Toscana

Al Pionta un museo della memoria dell’esperienza manicomiale


“C’è un silenzio carico di vita che riposa all’ombra degli alberi del Pionta, un respiro che
attende di essere ascoltato, una memoria che ci appartiene.
Dove un tempo e forse ancora oggi, i cancelli chiudevano il mondo fuori e l’angoscia
dentro, noi immaginiamo un museo della memoria dell’esperienza manicomiale, che
non sia un freddo reliquiario, ma uno spazio vivo, aperto, dedicato alla nostra comune
umanità.”

Inizia così la descrizione della visione del Pionta da parte della lista Alternativa Comune che sostiene Serena Marinelli come candidata a sindaco per il Comune di Arezzo. 
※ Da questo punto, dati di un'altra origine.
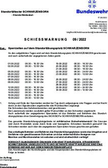 | Auch außerhalb der angegebenen Sperrzeiten ist das Betreten und Befahren des Standortübungsplatzes ohne Genehmigung des StOÄ/StOFw SCHWARZENBORN verboten. |

“Partendo dall’importante archivio già esistente e affidato oggi all’Università, questo
polo museale dovrebbe richiamare a sé tutti quei frammenti di vite interrotte che oggi
sopravvivono sparsi e nascosti, magari custoditi gelosamente nei cassetti degli ex
infermieri, nelle soffitte delle famiglie o nei ricordi dei medici di allora. E così le tante opere d’arte, nate dall’urgenza disperata di dire l’indicibile, i diari, le fotografie, i documentari e le testimonianze orali, che rischiano altrimenti di svanire con il passare delle generazioni.
Arezzo, che tra le prime città al mondo guidò la rivoluzione della chiusura dei manicomi,
pensiamo abbia il dovere morale di fare del Pionta il luogo in cui imparare che la malattia
e la fragilità non sono colpe da seppellire o devianze da nascondere, ma strappi che
l’intero tessuto sociale deve saper ricucire con cura, un monito perenne contro l’abisso
della segregazione e dell’indifferenza istituzionalizzata.
Al Pionta vivono e collaborano già numerose realtà aggregative, dal CAS, agli orti sociali,
alla ciclofficina della FIAB al collettivo Psicho hill, da Radio Zenzero, ai centri giovani,
al doposcuola e alla squadra di calcio popolare Pionta Football club, che da sola argina
parte della marginalità giovanile di questa città. Il museo potrebbe essere un volano,
una spinta, un attrattore che traini la riqualificazione dei luoghi, dei campi sportivi, delle
strutture.
In questo spazio di restituzione e dignità, le ombre neglette del passato potranno
finalmente ricordarci ogni giorno che la grandezza di una comunità si misura dalla
costanza con cui protegge chi è fragile. Rifiutiamo la spietata scorciatoia dei muri, per scegliere, con coraggio e delicatezza, la via complessa della comprensione.”